Resonant tunneling and the quasiparticle lifetime in graphene/boron nitride/graphene heterostructures

TL;DR

This paper investigates how resonant tunneling in graphene/boron nitride/graphene heterostructures reveals detailed information about electron-electron interactions and quasiparticle properties through microscopic calculations of tunneling spectra.

Contribution

It provides a detailed microscopic analysis of tunneling spectra considering quasiparticle lifetime effects, highlighting conditions where electron-electron interactions are observable.

Findings

Resonant tunneling spectra depend on inter-layer bias, temperature, twist angle, and gate voltage.

Electron-electron interactions influence quasiparticle lifetimes and spectral functions.

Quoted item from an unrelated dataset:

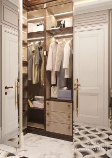 It is worth decorating the dressing room in the same style as the entire apartment or house. Thus, this small room will perfectly fit into the interior of the home as a whole.
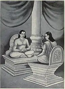 Panchashikha, who appears in Shanti Parva (Book of Liberation) of Mahabharata (Chapter 218), was a long-lived disciple of Asuri who was a teacher of Samkhya Philosophy. As a follower of Kapila, Panchshikha was one of the earliest teachers of philosophy belonging to the Samkhya School of thought.[1] He wrote a great number of works including 60000 verses concerning the nature of matter (Prakṛti), the nature of the self, the faculties of perception and action and supra normal powers. Shashti Tantra is believed to be his work. Uluka, nicknamed Kanada, the author of Vaisheshika Sutra and who taught Krishna, was a disciple of Panchashikha.[2]

Parameter regimes are identified where interaction effects are most prominent.

Abstract

Tunneling of quasiparticles between two nearly-aligned graphene sheets produces resonant current-voltage characteristics because of the quasi-exact conservation of in-plane momentum. We claim that, in this regime, vertical transport in graphene/boron nitride/graphene heterostructures carries precious information on electron-electron interactions and the quasiparticle spectral function of the two-dimensional electron system in graphene. We present extensive microscopic calculations of the tunneling spectra with the inclusion of quasiparticle lifetime effects and elucidate the range of parameters (inter-layer bias, temperature, twist angle, and gate voltage) under which electron-electron interaction physics emerges.